DESCRIPTION OF THE TASK ->
Nothing but the lines from the one containing "Раскраска с простыми" to the end of the data should be copied, exactly, and the pictures stay out.

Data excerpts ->
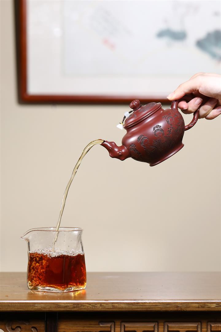 【泥料特點】砂土氣重,似淳實農民,日久使用,漸露鋒芒,養成變化,溫潤莊重。紫砂是壹種雙重氣孔結構的多孔性材質,氣孔微細,密度高。用紫砂壺沏茶,不失原味,且香不渙散,得茶之真香真味。紫砂使用越久,壺身色澤越發光亮照人,氣韻溫雅。紫砂壺長久使用器身會因撫摸擦拭,變得越發溫潤光澤。
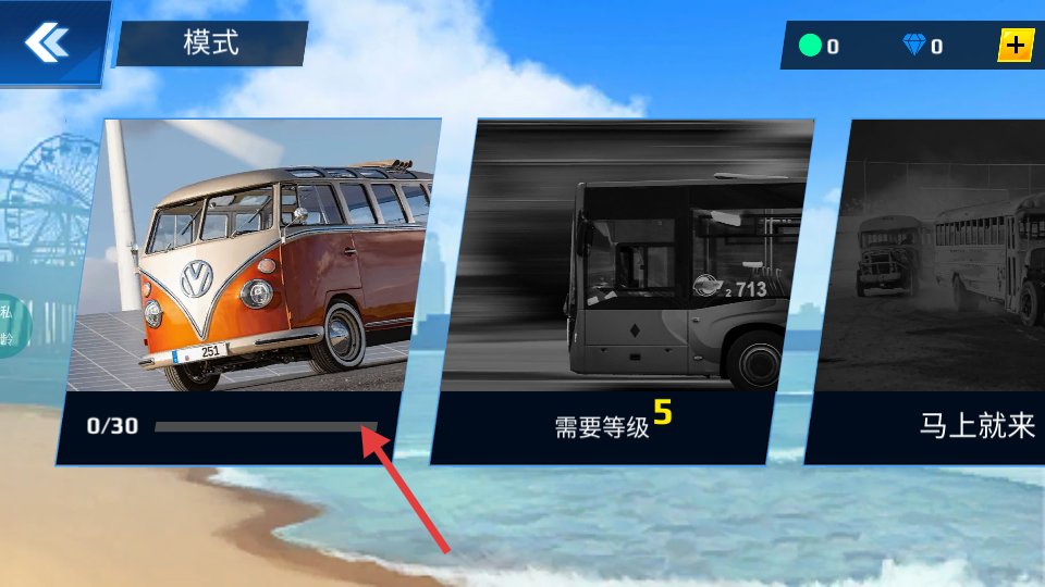 2、模式界面,先玩【0/30】进度的复古巴士模式,积累等级,解锁后续等级5模式。
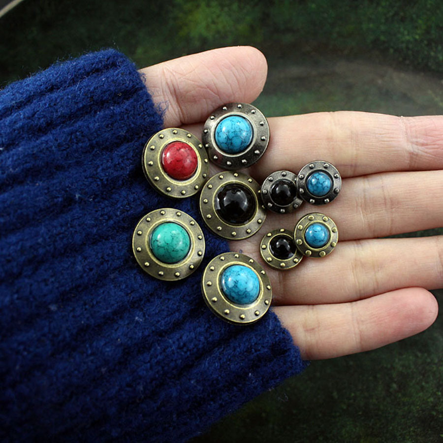 Металлические украшения для кожи - кончо с декоративными цветными вставками
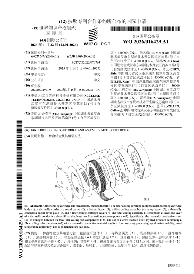 证券之星消息,根据企查查数据显示光迅科技(002281)公布了一项国际专利申请,专利名为“一种盘纤盒及其组装方法”,专利申请号为PCT/CN2025/070763,国际公布日为2026年1月22日。
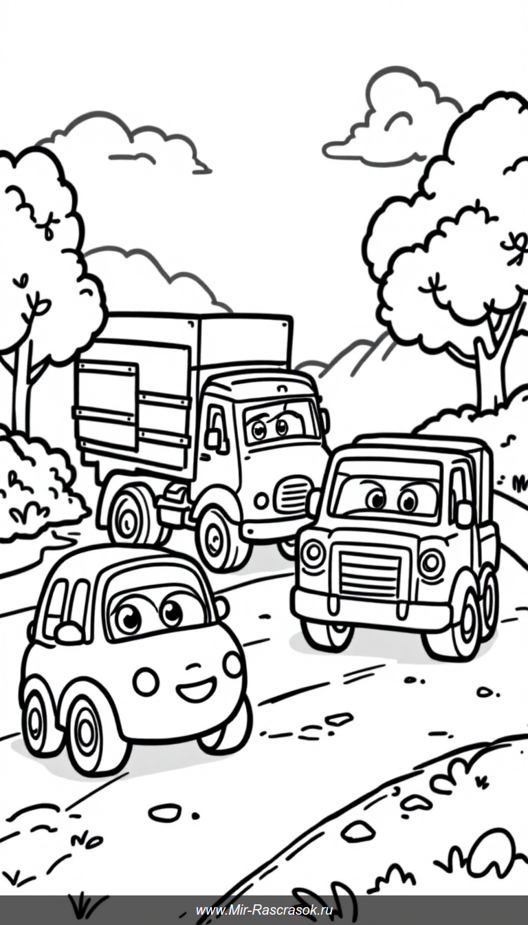 Раскраска с простыми машинами и грузовиками идеально подходит для малышей 🚌🚗 Простые линии делают процесс раскрашивания легким и веселым 🎨 Развивайте творческие способности ребенка с этой дружелюбной и понятной раскраской для детей всех возрастов 🌈
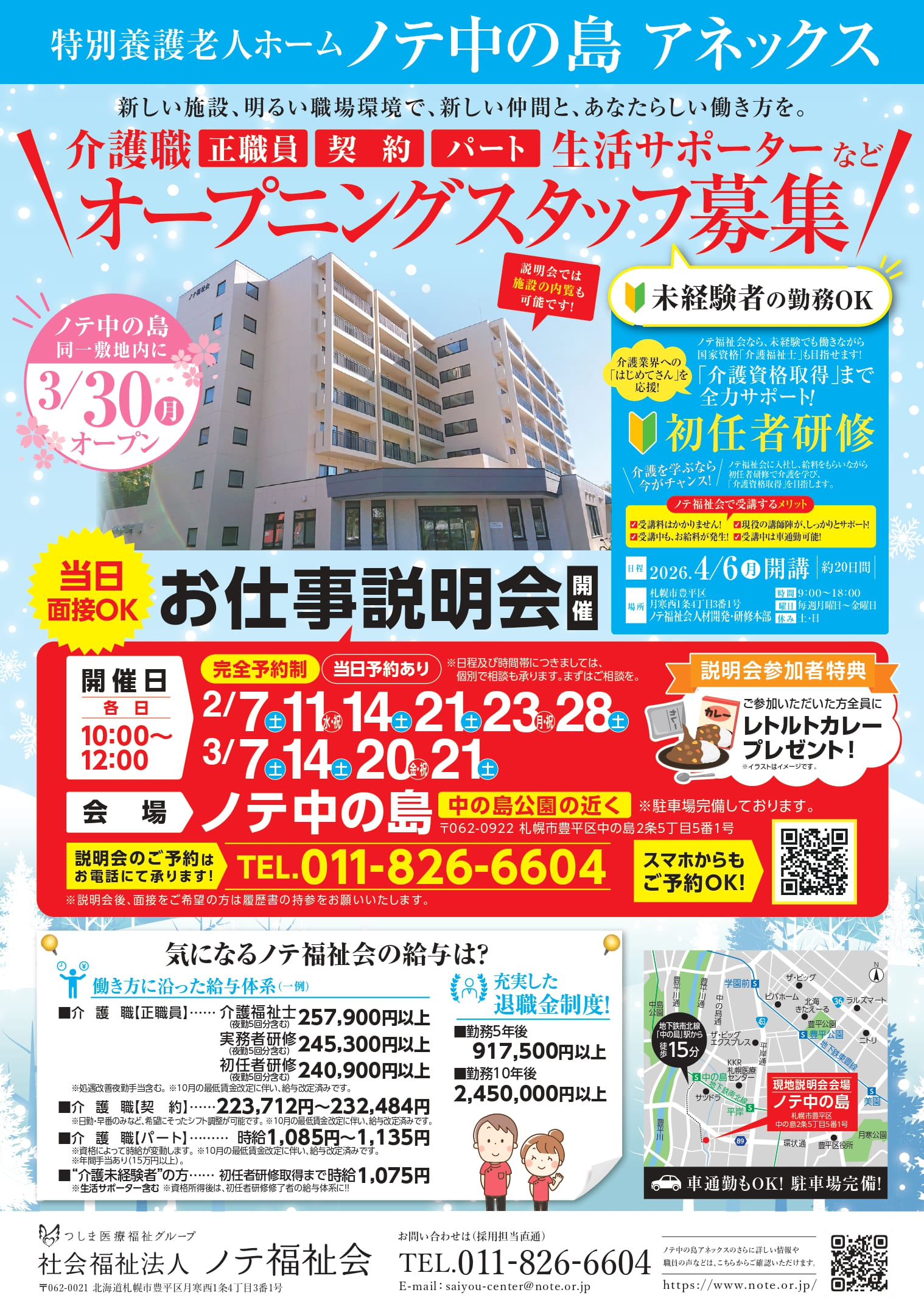 2026年3月30日、札幌市豊平区中の島2条5丁目に新たに「特別養護老人ホームノテ中の島アネックス」がオープンします!

EXERCISE OUTPUT ->
 Раскраска с простыми машинами и грузовиками идеально подходит для малышей 🚌🚗 Простые линии делают процесс раскрашивания легким и веселым 🎨 Развивайте творческие способности ребенка с этой дружелюбной и понятной раскраской для детей всех возрастов 🌈
 2026年3月30日、札幌市豊平区中の島2条5丁目に新たに「特別養護老人ホームノテ中の島アネックス」がオープンします!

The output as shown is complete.